Personal details
- Born: Ngila Michael Muendane 11 October 1944 (age 80)
- Citizenship: South Africa
- Political party: Pan Africanist Congress

= Mike Muendane =

South African politician (born 1944)

Ngila Michael Muendane (born 11 October 1944) is a South African politician, businessman, and former anti-apartheid activist. He is the former secretary-general and former deputy president of the Pan Africanist Congress (PAC).

== Life and career ==
A former anti-apartheid activist, Muendane was imprisoned on Robben Island on a sabotage charge from 1963 to 1970. He was a businessman and media personality until December 1996, when he was elected as secretary-general of the PAC, serving under party president Stanley Mogoba.

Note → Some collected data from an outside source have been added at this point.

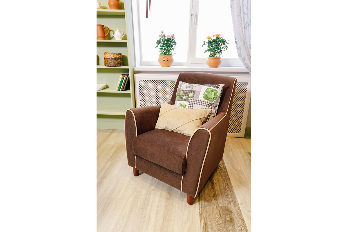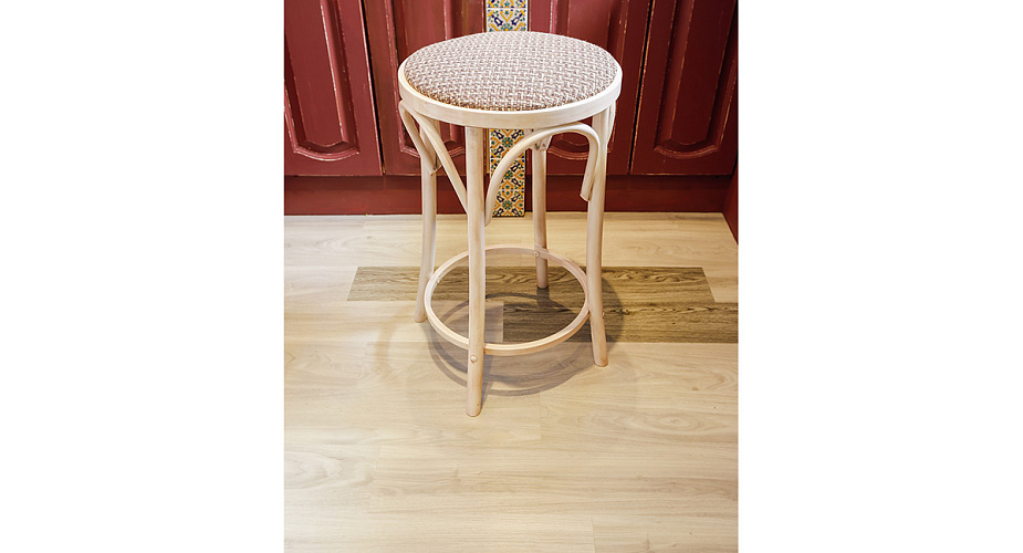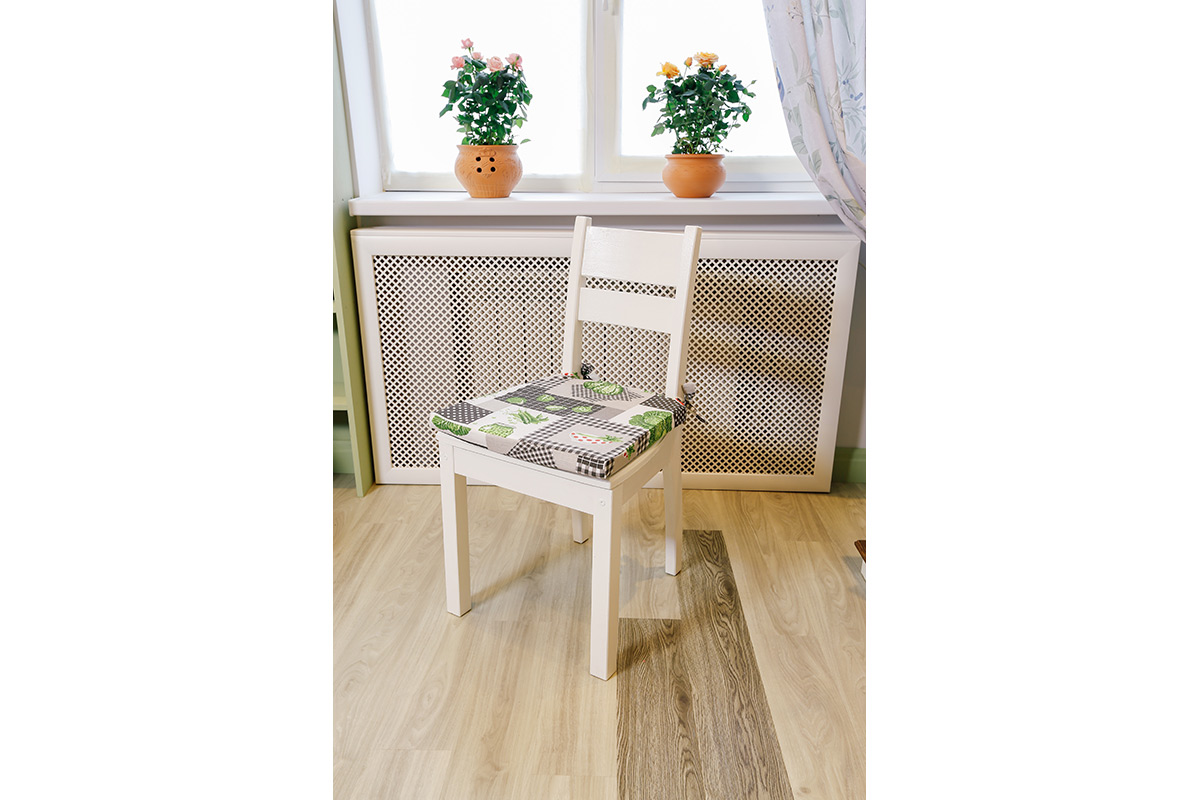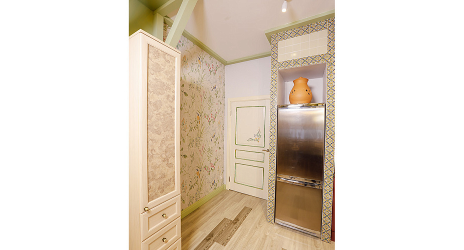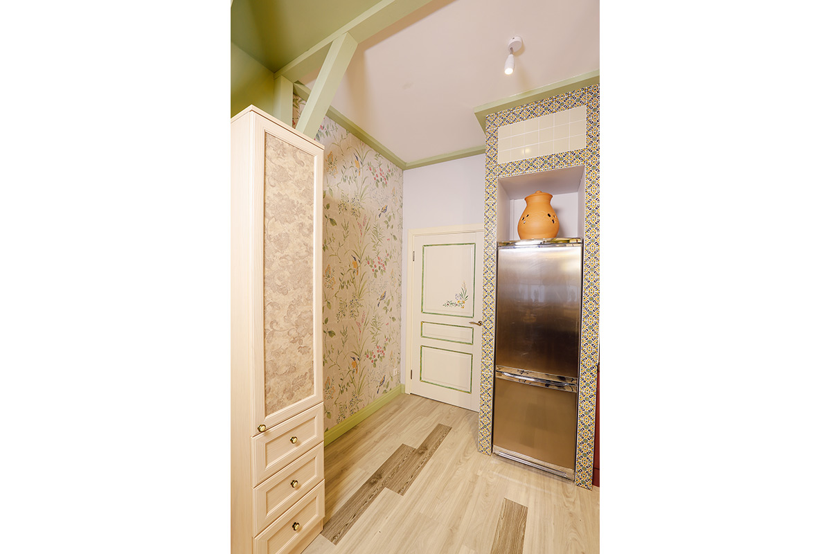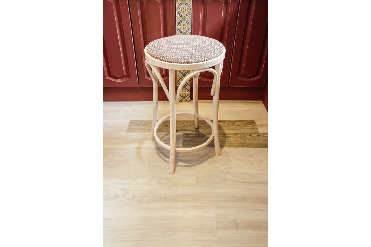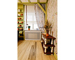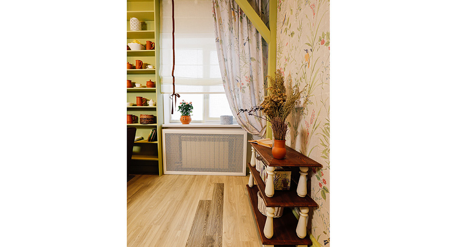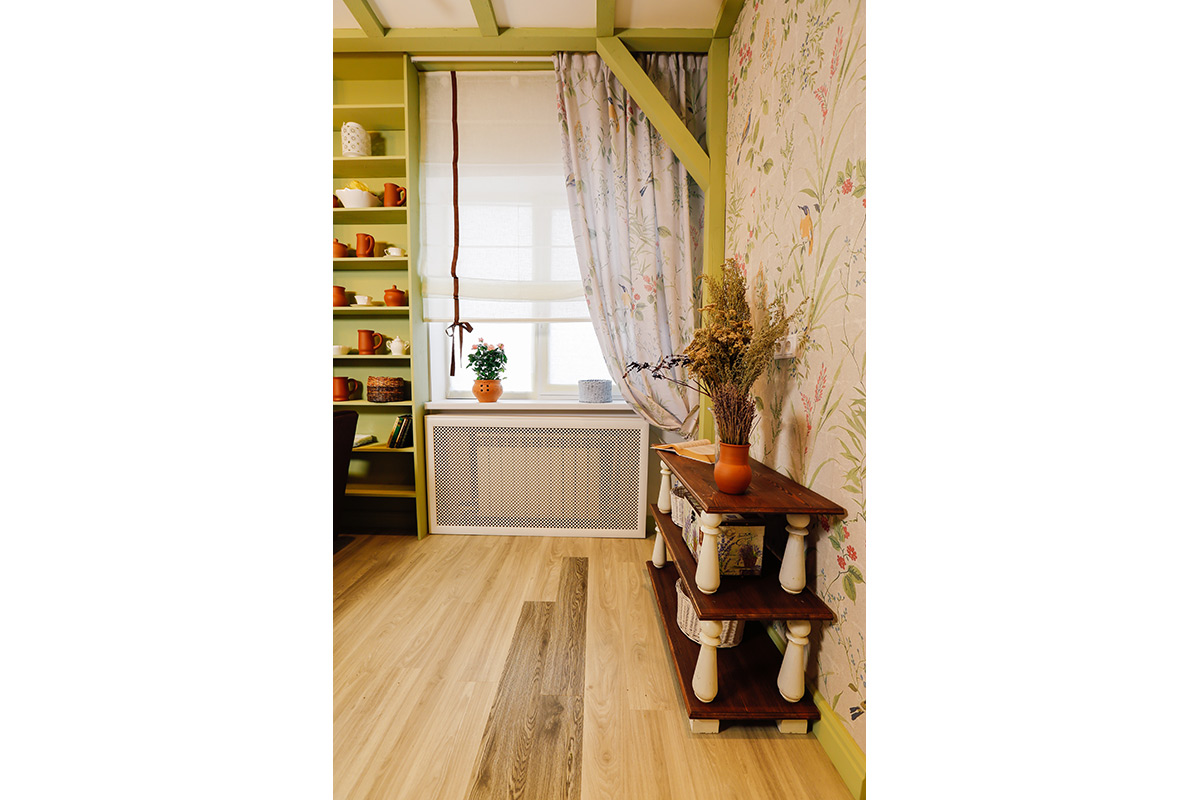 Напольное покрытие сыграло здесь немаловажную роль. Для пола дизайнер выбрала кварц-виниловую плитку ПВХ светло-серого цвета Клен белый YDM 19-2 с выраженной деревянной фактурой, и Дуб карри YDM 05-9, для придания легкого контраста. Она идеально сочетается со стенами и прекрасно подходит для создания теплоты и домашнего уюта. Помимо эстетической стороны эта плитка хороша и практическими качествами. Экологична, ударопрочна, поглощает шум, не боится воды, легко моется – что особенно актуально для кухни!
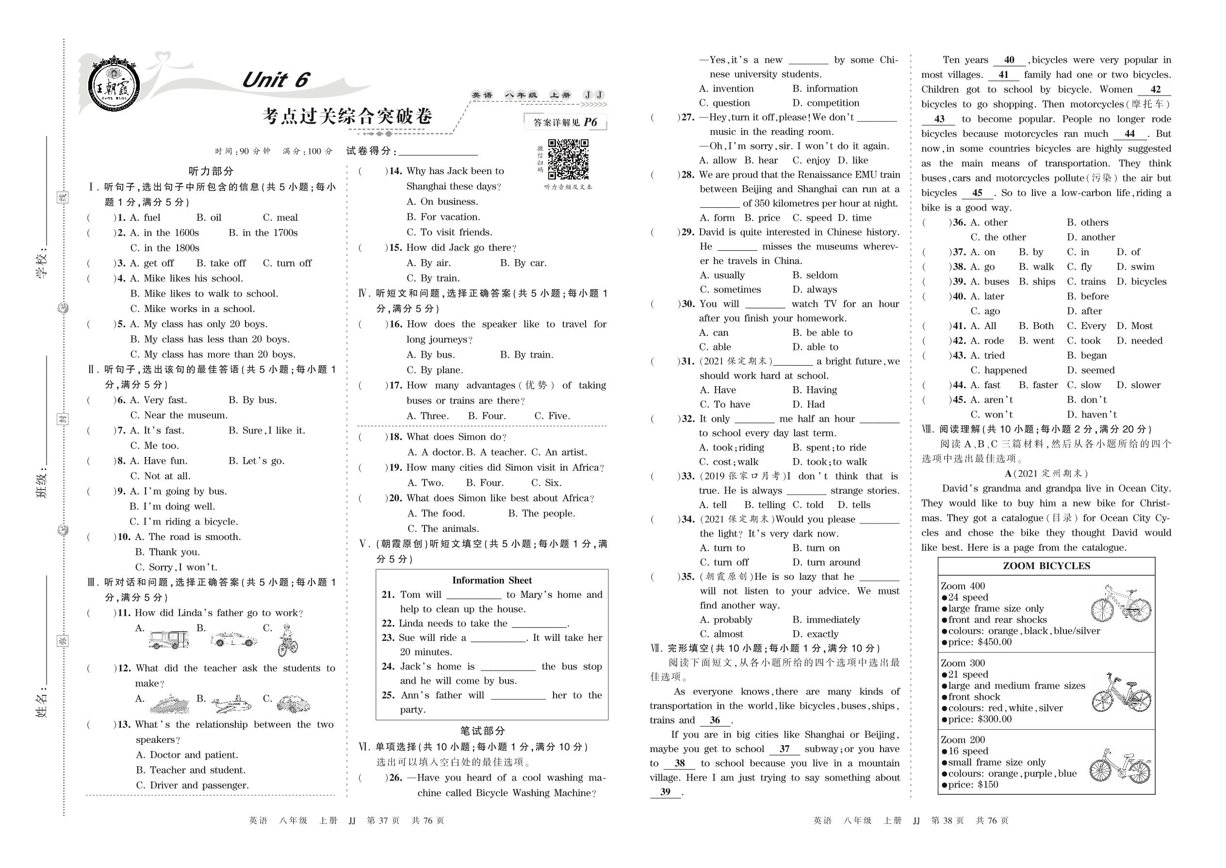 2021上册八年级英语冀教版 Unit 6 考点过关综合突破卷
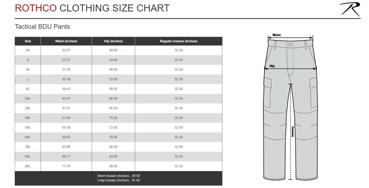 Rothco’s Relaxed Fit Zipper BDU Pants are made of the same comfortable, durable 55% cotton/45% polyester material as our military style BDU Pants but feature a 1-inch wider leg opening for a more relaxed fit, and a zipper fly instead of a button fly.
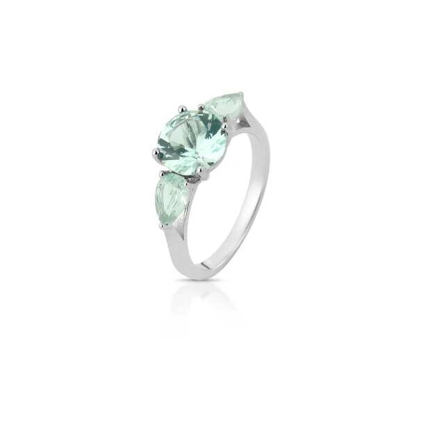 Anel em prata 925 oval central com gotas laterais cristal
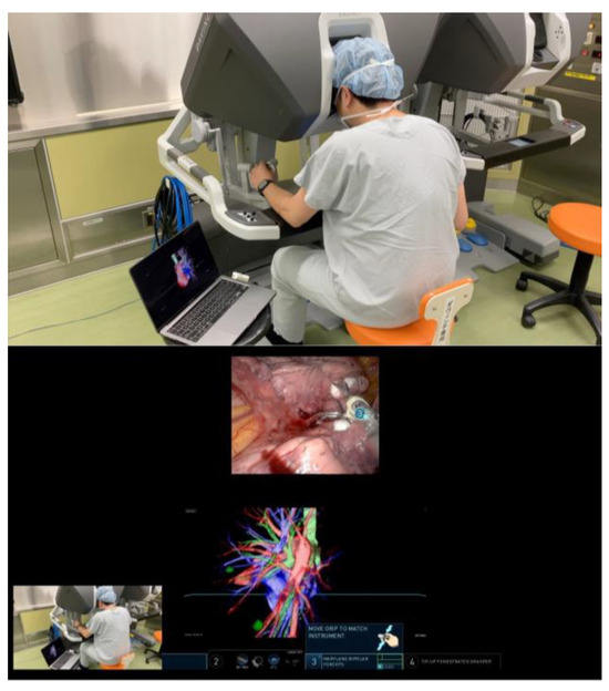Theoretically, if automated registration of surgical console images to the 3D reconstructions were incorporated into the Perspectus VR Education software, surgeons could perform real-time surgical resections with dynamic overlays provided by the software. This advanced level of integration, which allows manipulation of the 3D models on a laptop, is uniquely feasible in the context of robotic surgery. The surgical console, designed to immerse the surgeon in the local conditions of the operation, plays a crucial role in reducing informational overload. It allows surgeons to naturally project and understand intricate anatomy without additional mental effort, thereby significantly enhancing the decision-making process during critical phases of the surgery, such as during dissections and the application of staples to various anatomical structures.
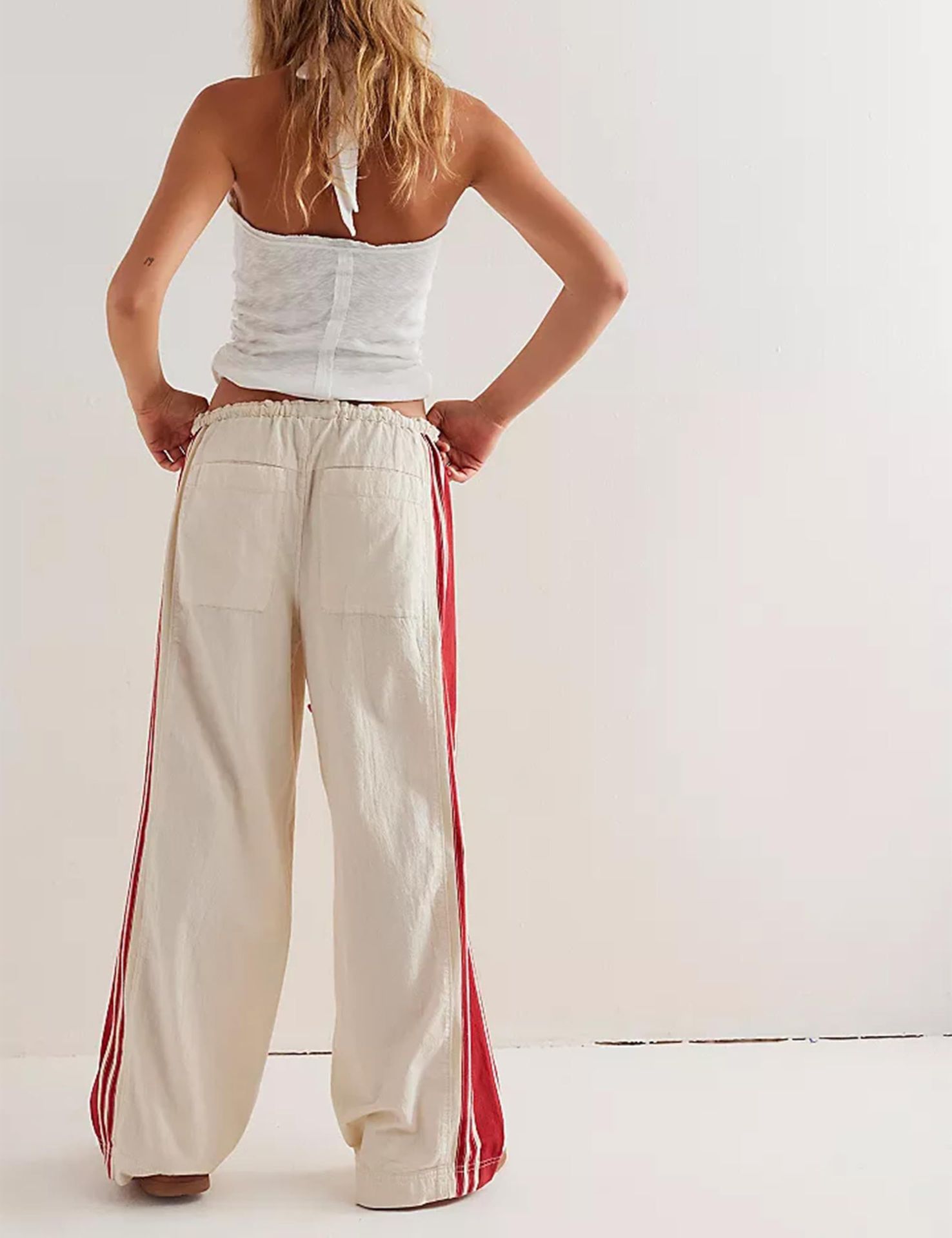 사이드 스트라이프 에어컨 캐주얼 바지 여성 봄 여름 가을 패션 홍콩 스타일 학생 느슨한 스포츠 바지 크로스 국경 유럽
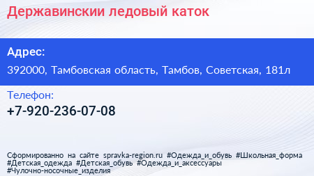 Державинский, ледовый каток по адресу 392000, Тамбовская область, Тамбов, Советская, 181л в дальнейшем Организация, размещена в следующих категориях:
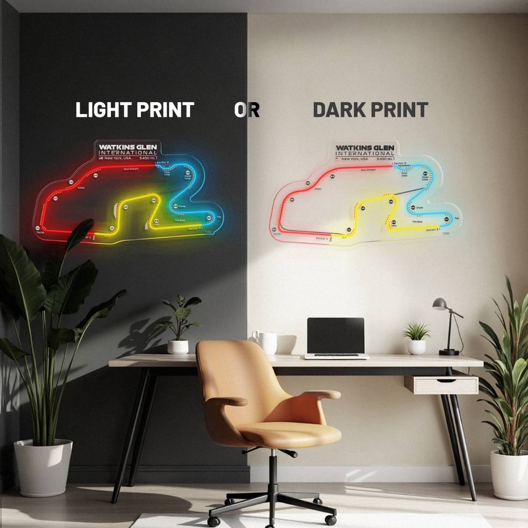 This Watkins Glen International Neon Race Track silhouette will add a bright spark of light to any room. Each track features the 3 iconic colors of Formula 1, the race track name alongside the distance and the country it's located in. It's the perfect way to add some color and improve the overall look while catching the attention of anyone, racing enthusiast or not.
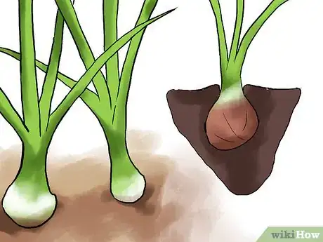 8Estrai l'intera cipolla. Se hai seminato i cipollotti dal bulbo, questo si sarà ridotto, dal momento che tutta l'energia è andata nella parte verde della pianta.
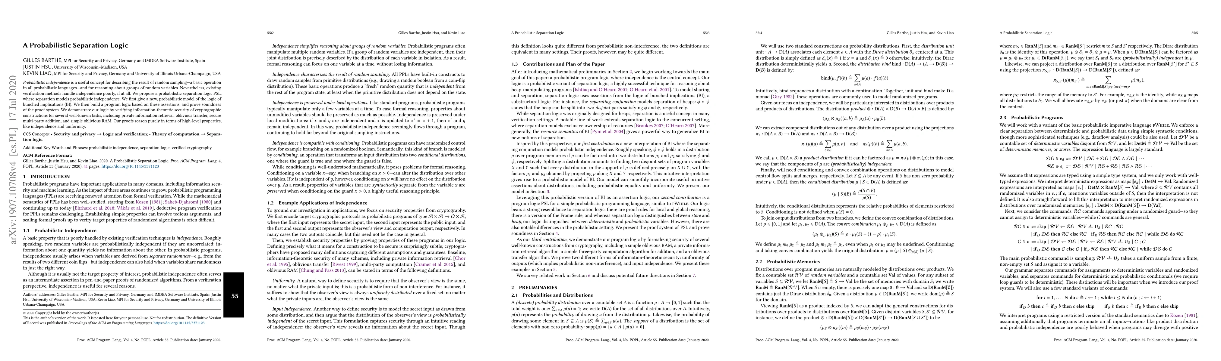 This paper proposes a probabilistic separation logic (PSL) to model probabilistic independence in verification methods. It introduces a new probabilistic model of bunched implications and demonstrates the logic's effectiveness in verifying the information-theoretic security of cryptographic constructions.
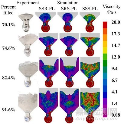 單相流模型方面,冪律模型(Power-Law)和赫-巴模型(Herschel-Bulkley)因?yàn)樾问胶?jiǎn)單、易于求解,已經(jīng)被廣泛應(yīng)用到計(jì)算機(jī)模擬仿真中。近年來的相關(guān)研究集中在如何提高模型準(zhǔn)確度的問題上。董恩潔研究了測(cè)試系統(tǒng)幾何結(jié)構(gòu)和Taylor渦對(duì)雙筒流變儀測(cè)量精度的影響,并提出測(cè)量系統(tǒng)改進(jìn)設(shè)計(jì)方案。陳娟研究了固相顆粒體征對(duì)半固態(tài)漿料流變特性的影響,并建立考慮固相顆粒特征的流體模型。QU W Y等采用剪切速率掃描(SSR)、穩(wěn)定剪切速率(SRS)、剪切應(yīng)力掃描(SSS)3種模式表征了半固態(tài)流體的流變特性,并分別擬合了冪律模型,通過對(duì)比模擬仿真結(jié)果與試驗(yàn)結(jié)果發(fā)現(xiàn),剪切應(yīng)力掃描數(shù)據(jù)擬合模型更接近試驗(yàn)結(jié)果,見圖5。雖然上述研究采用的同軸雙筒剪切法只適用于低固相半固態(tài)漿料,但是在高固相流變壓鑄成形全過程中,熔體經(jīng)歷了從液態(tài)到低固相半固態(tài)、再到高固相半固態(tài)的演變,低固相條件下的半固態(tài)漿料流變特性也應(yīng)該被全流程模擬仿真所考慮。在高固相漿料流變特性表征方面,HU X G等設(shè)計(jì)了平板高速壓縮測(cè)試系統(tǒng),用該測(cè)試系統(tǒng)測(cè)量數(shù)據(jù)擬合高固相含量319s鋁合金的冪律模型,該模型對(duì)漿料流動(dòng)的模擬仿真結(jié)果與試驗(yàn)結(jié)果的特征相吻合,證明了模型的準(zhǔn)確性。
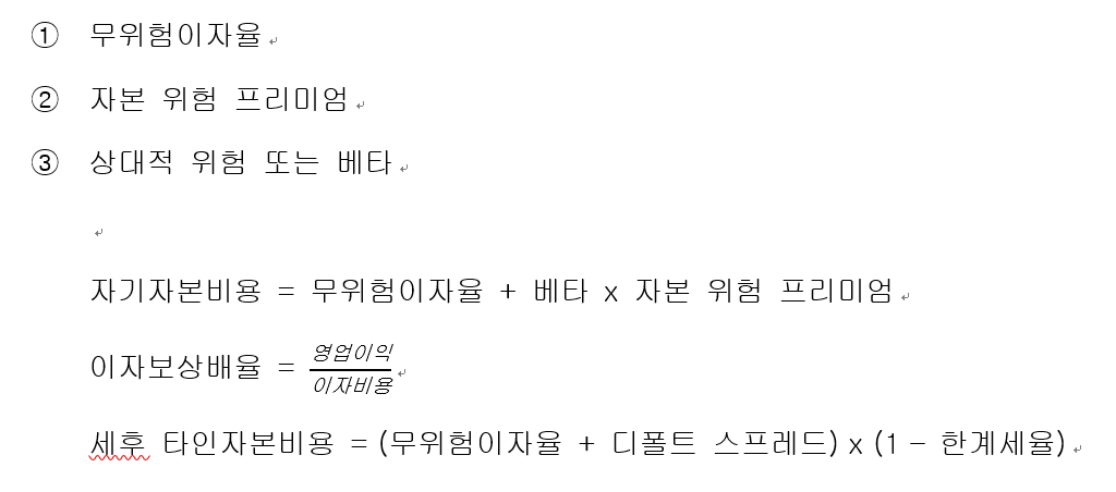 개별주식에 대한 투자 기대수익률 = 무위험이자율 + 베타 X (시장의 위험 프리미엄)

In addition, though he had not initially been elected to the National Assembly in the 1994 general election, he was sworn in during the term, filling a casual vacancy in the PAC's caucus.

Ahead of the 1999 general election, Muendane was announced as the PAC's candidate for Premier of Gauteng, though the party ultimately did not win any seats in the province. He was also ranked third on the party's national list, which should have secured him one of the three seats won by the PAC in the National Assembly. However, in the aftermath of the election, the party withdrew him from the list, replacing him with the next-ranked candidate, Patricia de Lille. Muendane said that he had not been consulted; the PAC said that he would be transferred to the party's headquarters to focus on preparing for the 2000 local elections.

In subsequent years, Muendane remained active in the PAC, and he later served as its deputy president.